As a political moderate and native son, he fits the mold many white Southern Democrats envisioned in 1988 when they moved to maximize their influence by organizing what almost amounts to a regionwide primary on a single day.

The region’s favorite son four years ago, Tennessee Sen. Albert Gore Jr., struggled on what came to be known as Super Tuesday. The Rev. Jesse Jackson attracted the region’s large black vote, and then-Massachusetts Gov. Michael S. Dukakis used his financial advantage to gain victories in Florida and Texas.
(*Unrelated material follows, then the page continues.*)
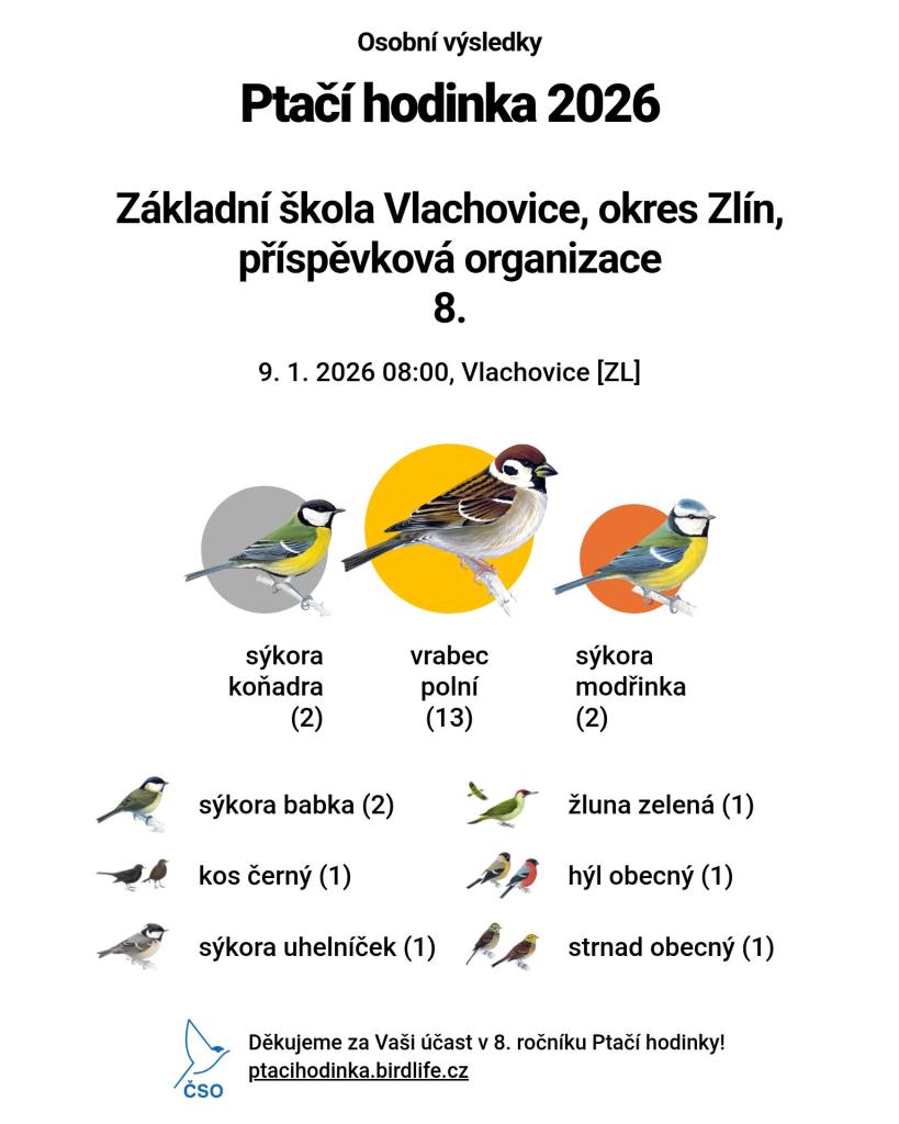 I letos se naše škola zapojila do akce Ptačí hodinka, kterou každoročně pořádá Česká společnost ornitologická začátkem ledna. Tentokrát měli sčítání ptáků na krmítku na starosti žáci osmé třídy. Během 60ti minut pozorovali na zahradě školy 9 ptačích druhů.

Gore won a large chunk of the day’s convention delegates, but not enough to derail Dukakis.

Contingent on one big “if”--the outcome of the New Hampshire primary--Clinton appears better positioned to take full advantage of this year’s Super Tuesday, which falls on March 10. Seven of the 11 primaries or caucuses being held that day are in Southern or border states, including the two biggest prizes--Florida and Texas.

Clinton not only has the regional roots and campaign message expected to appeal to many Southern Democrats, he is much better organized and financed than any of his rivals. The lack of a black candidate in this year’s race also seems likely to aid Clinton.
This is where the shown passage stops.